### Exercise description
Please keep to the lines below from the one with "Letovské chmelení s" through the one with "宏安地產(01243.HK) 0.000 (0.000%)", and restate them word for word, ends included.

** Opening Records for the task block **

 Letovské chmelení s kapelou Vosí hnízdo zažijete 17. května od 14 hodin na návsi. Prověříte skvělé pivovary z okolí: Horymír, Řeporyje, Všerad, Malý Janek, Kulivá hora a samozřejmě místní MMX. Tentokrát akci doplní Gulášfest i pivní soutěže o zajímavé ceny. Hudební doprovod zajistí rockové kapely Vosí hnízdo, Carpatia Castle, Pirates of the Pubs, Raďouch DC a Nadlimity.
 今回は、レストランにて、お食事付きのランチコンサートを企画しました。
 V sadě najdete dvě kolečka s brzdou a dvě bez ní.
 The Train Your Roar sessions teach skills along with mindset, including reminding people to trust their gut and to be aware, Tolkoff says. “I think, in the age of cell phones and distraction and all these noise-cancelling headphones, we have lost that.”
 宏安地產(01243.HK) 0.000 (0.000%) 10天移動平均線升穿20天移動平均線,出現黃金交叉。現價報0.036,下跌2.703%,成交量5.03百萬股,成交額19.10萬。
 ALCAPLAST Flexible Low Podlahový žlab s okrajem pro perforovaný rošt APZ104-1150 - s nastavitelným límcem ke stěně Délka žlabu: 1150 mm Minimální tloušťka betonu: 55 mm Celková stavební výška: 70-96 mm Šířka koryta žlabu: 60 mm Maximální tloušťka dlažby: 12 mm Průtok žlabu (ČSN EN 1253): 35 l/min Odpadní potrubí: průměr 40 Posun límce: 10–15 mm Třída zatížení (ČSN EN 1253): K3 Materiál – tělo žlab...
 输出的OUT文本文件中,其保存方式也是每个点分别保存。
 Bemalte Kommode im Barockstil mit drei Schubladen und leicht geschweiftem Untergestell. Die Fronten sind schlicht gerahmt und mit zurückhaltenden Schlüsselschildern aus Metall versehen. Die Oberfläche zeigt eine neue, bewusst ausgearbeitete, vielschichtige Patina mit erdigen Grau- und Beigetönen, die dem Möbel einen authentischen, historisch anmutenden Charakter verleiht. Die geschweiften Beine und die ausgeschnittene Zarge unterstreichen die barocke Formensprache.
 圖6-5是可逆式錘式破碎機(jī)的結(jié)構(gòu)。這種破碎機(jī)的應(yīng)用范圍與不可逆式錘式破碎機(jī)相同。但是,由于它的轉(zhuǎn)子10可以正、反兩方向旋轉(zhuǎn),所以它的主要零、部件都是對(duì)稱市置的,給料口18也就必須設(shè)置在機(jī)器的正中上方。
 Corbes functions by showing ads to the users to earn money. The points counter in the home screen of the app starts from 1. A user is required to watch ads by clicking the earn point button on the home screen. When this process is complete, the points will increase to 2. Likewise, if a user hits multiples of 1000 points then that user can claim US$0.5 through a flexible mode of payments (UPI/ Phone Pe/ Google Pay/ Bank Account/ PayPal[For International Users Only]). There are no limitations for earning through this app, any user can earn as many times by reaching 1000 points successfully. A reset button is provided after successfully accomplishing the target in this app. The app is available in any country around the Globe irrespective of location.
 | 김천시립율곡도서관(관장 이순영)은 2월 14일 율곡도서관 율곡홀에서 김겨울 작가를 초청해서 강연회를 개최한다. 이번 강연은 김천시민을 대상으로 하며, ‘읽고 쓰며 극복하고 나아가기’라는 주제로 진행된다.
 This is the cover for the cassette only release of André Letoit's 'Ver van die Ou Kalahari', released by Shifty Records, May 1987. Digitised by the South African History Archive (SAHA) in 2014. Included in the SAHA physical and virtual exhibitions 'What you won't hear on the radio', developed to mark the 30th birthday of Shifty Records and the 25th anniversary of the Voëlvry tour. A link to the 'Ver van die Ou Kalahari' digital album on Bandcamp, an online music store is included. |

** Closing Records for the task block **
** Opening Records for the task block **

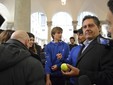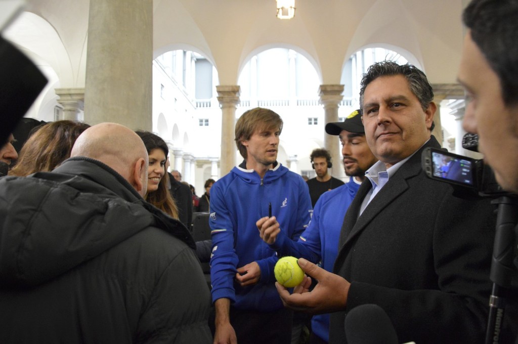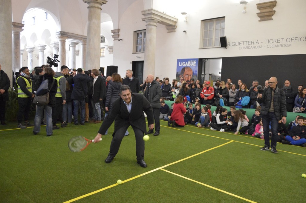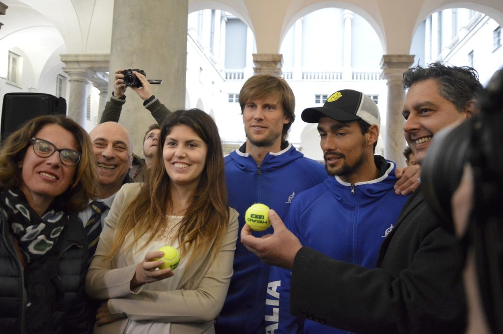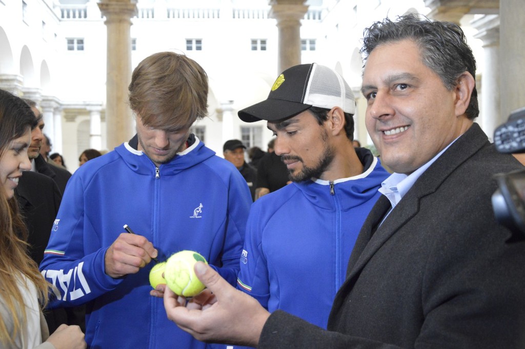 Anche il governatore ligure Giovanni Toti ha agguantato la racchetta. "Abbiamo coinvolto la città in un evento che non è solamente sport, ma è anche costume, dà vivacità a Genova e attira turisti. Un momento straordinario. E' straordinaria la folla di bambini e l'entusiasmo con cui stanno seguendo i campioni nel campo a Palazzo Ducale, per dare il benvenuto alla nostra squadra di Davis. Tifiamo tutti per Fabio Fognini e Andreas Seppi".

** Closing Records for the task block **

### Output for this task
 Letovské chmelení s kapelou Vosí hnízdo zažijete 17. května od 14 hodin na návsi. Prověříte skvělé pivovary z okolí: Horymír, Řeporyje, Všerad, Malý Janek, Kulivá hora a samozřejmě místní MMX. Tentokrát akci doplní Gulášfest i pivní soutěže o zajímavé ceny. Hudební doprovod zajistí rockové kapely Vosí hnízdo, Carpatia Castle, Pirates of the Pubs, Raďouch DC a Nadlimity.
 今回は、レストランにて、お食事付きのランチコンサートを企画しました。
 V sadě najdete dvě kolečka s brzdou a dvě bez ní.
 The Train Your Roar sessions teach skills along with mindset, including reminding people to trust their gut and to be aware, Tolkoff says. “I think, in the age of cell phones and distraction and all these noise-cancelling headphones, we have lost that.”
 宏安地產(01243.HK) 0.000 (0.000%) 10天移動平均線升穿20天移動平均線,出現黃金交叉。現價報0.036,下跌2.703%,成交量5.03百萬股,成交額19.10萬。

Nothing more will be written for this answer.